HOW TO COMPLETE THIS TASK:
Exact copies of all the lines below are needed, without the pictures.

BEGIN INPUT RECORDS

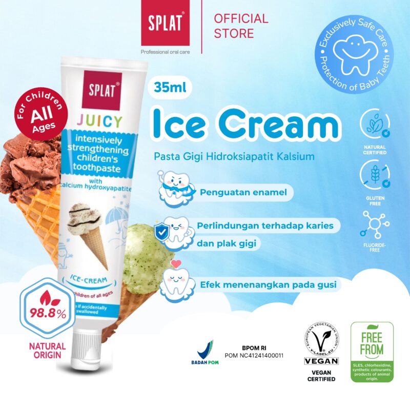 Pasta gigi dengan rasa es krim yang dirancang khusus untuk anak-anak dan remaja yang suka sensasi manis dan menyenangkan saat menyikat gigi. Diformulasikan tanpa fluoride, tanpa SLS, dan menggunakan bahan alami yang lembut di gusi serta aman jika tertelan dalam jumlah kecil.
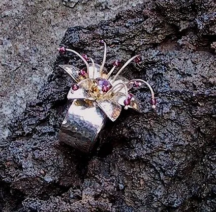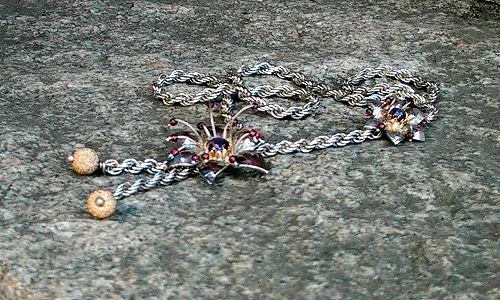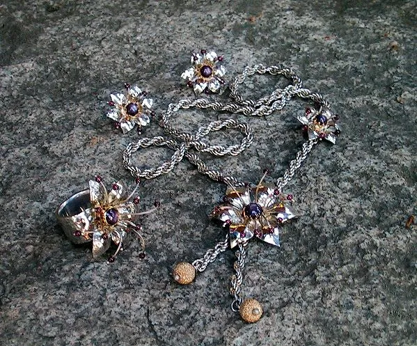 Collier Silber mit blütenförmigen Wechselschließen mit Goldbesatz, Sternrubin und Granatkügelchen,
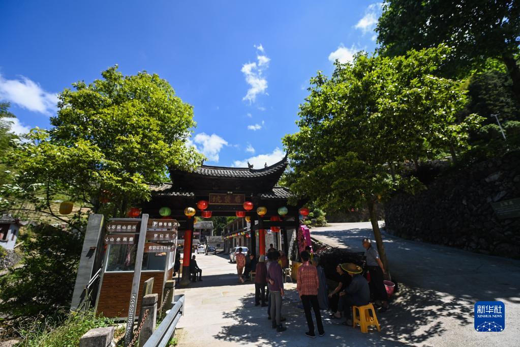 5月30日,村民在布袋坑村口乘涼。
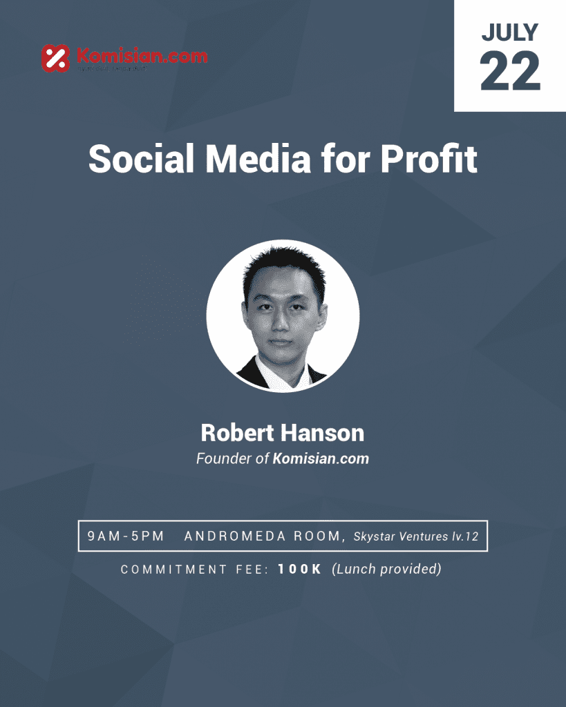 Practical Workshop : Social Media for Profit Setiap hari, ada ribuan orang membutuhkan produk Anda. Apakah Anda sudah bisa tampil di…
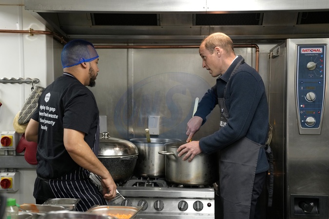 Britain's Prince William helps make bolognase sauce with head chef Mario Confait, during a visit to Surplus to Supper, in Sunbury-on-Thames, Surrey, England, Thursday, April 18, 2024. The Prince visited Surplus to Supper, a surplus food redistribution charity, to learn about its work bridging the gap between food waste and food poverty across Surrey and West London. NO UK USE FOR 48 HOURS, Credit:Avalon.red / Avalon

END INPUT RECORDS

WRITTEN SOLUTION:
 Pasta gigi dengan rasa es krim yang dirancang khusus untuk anak-anak dan remaja yang suka sensasi manis dan menyenangkan saat menyikat gigi. Diformulasikan tanpa fluoride, tanpa SLS, dan menggunakan bahan alami yang lembut di gusi serta aman jika tertelan dalam jumlah kecil.
 Collier Silber mit blütenförmigen Wechselschließen mit Goldbesatz, Sternrubin und Granatkügelchen,
 5月30日,村民在布袋坑村口乘涼。
 Practical Workshop : Social Media for Profit Setiap hari, ada ribuan orang membutuhkan produk Anda. Apakah Anda sudah bisa tampil di…
 Britain's Prince William helps make bolognase sauce with head chef Mario Confait, during a visit to Surplus to Supper, in Sunbury-on-Thames, Surrey, England, Thursday, April 18, 2024. The Prince visited Surplus to Supper, a surplus food redistribution charity, to learn about its work bridging the gap between food waste and food poverty across Surrey and West London. NO UK USE FOR 48 HOURS, Credit:Avalon.red / Avalon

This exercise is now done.